Highlights & Insights

  • Resolves the paradox of "sign matrices looking like noise" vs "stationary coordinate-wise sign trajectories" using stopping times. Marginal distributions are averages of rare boundary events; trajectories are locked by the \(\sigma_k\) sequence.
  • Mapping geometric tail parameters \((h_T, g_T)\) to engineering knobs (rejection sampling for \(h_T\), log-barrier for \(g_T\)) shifts the "post-training quantization" paradigm toward "pre-training template selection + training boundary clamping."
  • Naturally stronger lock-in in large models (Figure 4 shows \(\hat g\to 0\) for 10B) suggests sub-bit compression becomes more feasible as scale increases, contrary to the intuition that larger models are harder to compress.

Limitations & Future Work

  • From-scratch only: Templates must be chosen before optimization; cannot be directly applied to existing checkpoints. A post-training version remains an open problem.
  • Sign floating mode: Under extremely strong magnitude regularization (Appendix D.6), weights are sucked toward 0, and the geometric tail law no longer holds.
  • Enforcement strategies: Only log-barriers were tested; other strategies like triangular barriers, stop-gradients, or sign-STE were not compared.
  • Expressivity: The potential contribution of sign bits as "degrees of freedom" for representation is not discussed; fixing signs might limit the performance ceiling for certain tasks.
  • vs. Classic Post-Training Quantization (GPTQ / AWQ etc.): They attempt to manipulate post-training \(S\) and \(A\) but hit the "one-bit wall" where \(S\) behaves like noise. This work intervenes pre-training to bypass the wall.
  • vs. 1-bit / Sign-SGD: These treat signs as the core carriers of information. This work suggests training rarely changes signs, so "preserving signs" is more efficient than "training signs."
  • vs.
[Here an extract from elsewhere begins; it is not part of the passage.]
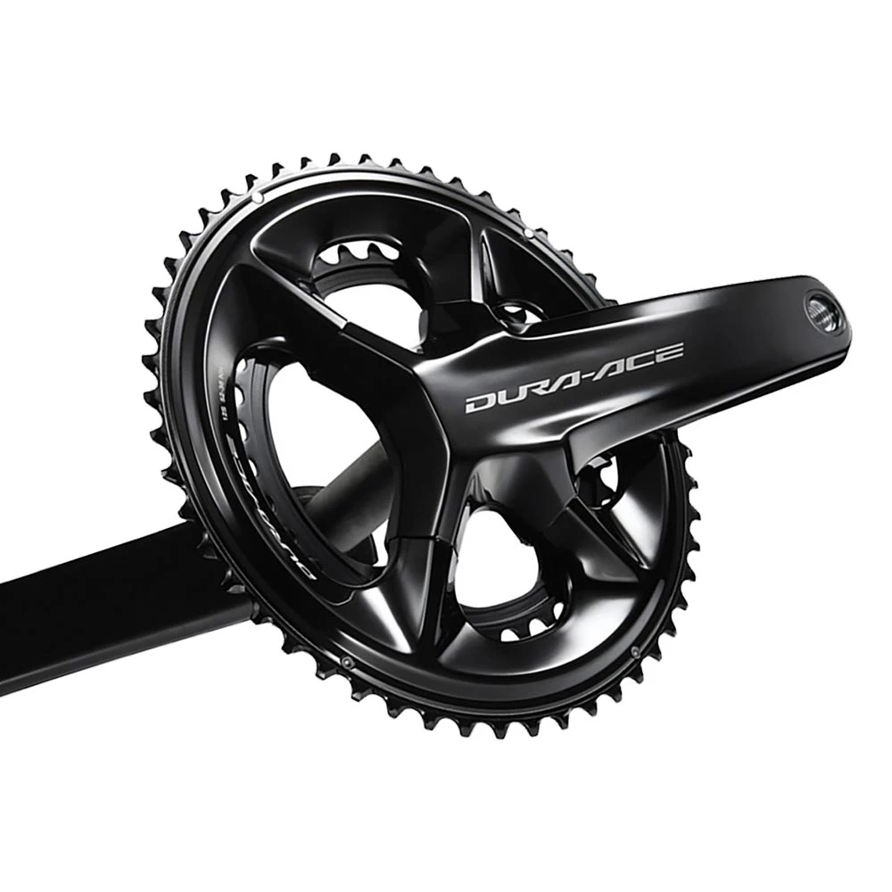 Hohlgeschmiedetet Kettenblaetter aus Aluminium und Carbonfaserverstaerktem Kunststoff, duennwandige hohlgeschmiedete Kurbelarme und Reduzierung der Aussenflaeche senken das Gewicht der neuen Dura Ace 12 fach Kurbelgarnitur FCR 9200. Das Design der 2×11-fach Hollowtech II Kurbelgarnitur sorgt fuer eine gesteigerte Performance. Als ein zentraler Baustein in Shimanos neuem 12-fach Dura Ace Serie zeichnet sich die FC-R9200 Kurbelgarnitur durch die Shimano typische Schaltqualitaet und Uebertragungseffizienz aus. Ueberarbeitet fuer nahtlose 12-fach-Schaltfunktion, ist die Dura Ace Kurbelgarnitur in Laengen von 160 bis 177,5 mm erhaeltlich. Dies bedeutet mehr Leistung und verbesserte Anpassungsmoeglichkeiten fuer kleinere Fahrer, Triathleten und Fahrer mit besonderen biomechanischen Anforderungen.

SDE / Diffusion views of SGD (Mandt et al.): Prior works analyze average trajectories; this work focuses on first-passage and rare events, providing a new way to induce or suppress specific dynamic events in engineering.

Rating

  • Novelty: ⭐⭐⭐⭐⭐ Connects stopping time analysis, spectral randomness, and sub-bit compression for the first time with actionable knobs.
  • Experimental Thoroughness: ⭐⭐⭐⭐ Covers MLP/CNN/Transformer and 30M to 10B scales, though downstream tasks are mostly language/text-based.
  • Writing Quality: ⭐⭐⭐⭐ Rigorous definitions and propositions; main logic is clear, though the appendix is dense.
  • Value: ⭐⭐⭐⭐⭐ Directly addresses the "one-bit wall" in sub-bit compression with a first-principles explanation, holding high engineering value for LLM deployment.